Sobotka, whom the Braves took in the fourth round of the 2014 draft, defined his 2017 as “terrible.” Across two levels, he produced a 6.09 ERA with a 52:32 strikeout-to-walk ratio in 57-2/3 innings. Understandably, he wasn’t viewed as much of a prospect at that point.
“I tried to make some adjustments (changing his slider grip) that allow me to do some things, and it just didn’t work out,” he said. “I knew I had the ability in me. I’m just glad the Braves gave me another shot to come back in 2018 — not to prove everyone wrong, but prove them right, show them why they took me in the draft when I was hurt. It’s an awesome feeling and hopefully I can build off that.”
As Sobotka focused more on his body the past couple of years, his velocity increased. His “stuff” has always been there; for him, it was a matter of confidence.
He credits the Braves’ analytics team for proving he has a strong repertoire. He figured out he didn’t always need to be perfect – that simple mental difference, he said, helped his ascension take off.
“It’s crazy what a (difference) a year can make,” Sobotka said. “I reflect what I did well last year.
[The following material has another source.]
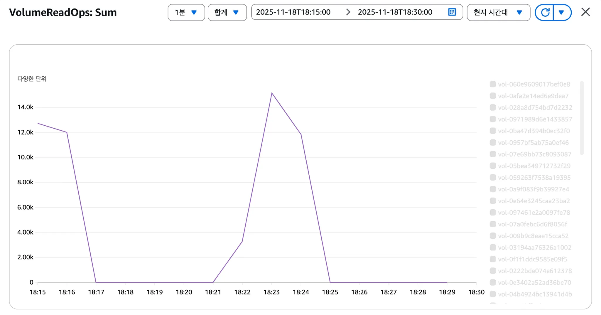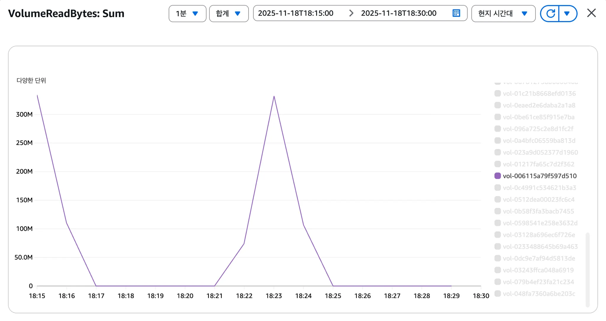 VolumeTotalReadTime | μ΅λ 119μ΄ | νκ· 5~9ms μμ€ | μ½ 13,000λ°° κ°μ |

Everything did kind of click for me. I look back and realize how far of a jump I made, what was the biggest difference in me. Basically it came out to my confidence in myself and my abilities. I found out the pitcher I was.
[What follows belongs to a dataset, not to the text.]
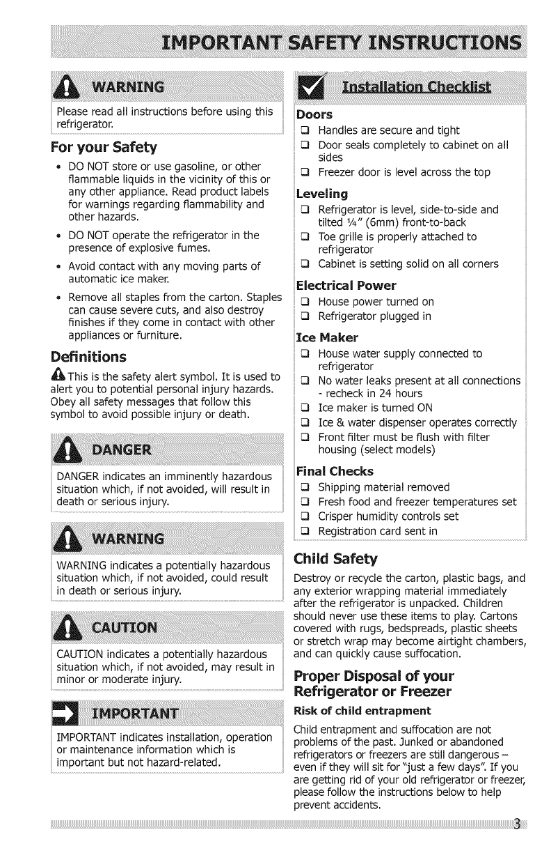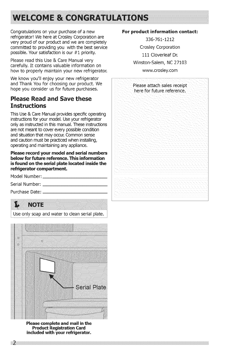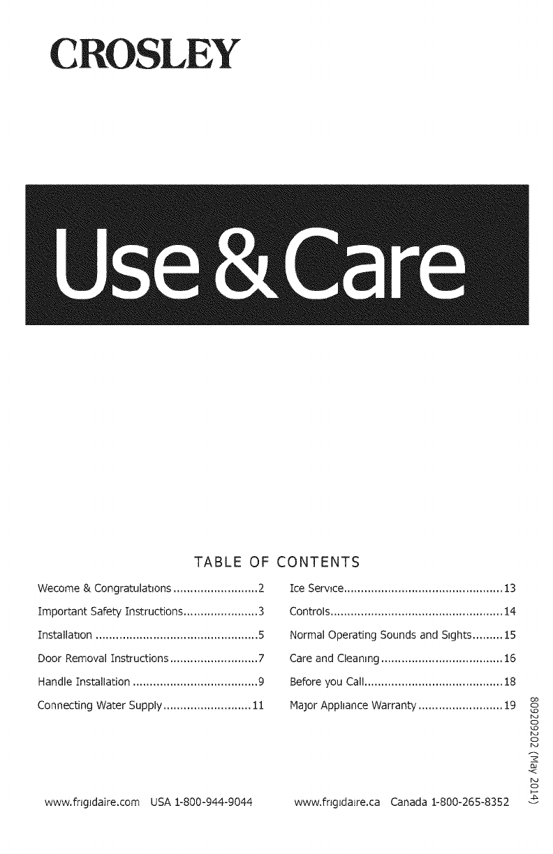 Crosley CRT151HQW0 User Manual REFRIGERATOR Manuals And Guides 1410330L

“Even in the majors, I told myself not to change anything. I’m meant to be here. They called me up for a reason.”
It remains to be seen how Sobotka will fit into the team’s plans. Arodys Vizcaino and A.J. Minter, when healthy, figure to share closer duties. Sobotka could certainly work his way into that mix, but the task at hand is simply making the ballclub.
“It’s a great feeling to be here, and I’m trying to do everything I can to make the team,” Sobotka said.
And given how he’s progressed in two seasons, he might become an even more valuable asset for a Braves bullpen that would welcome more flamethrowers.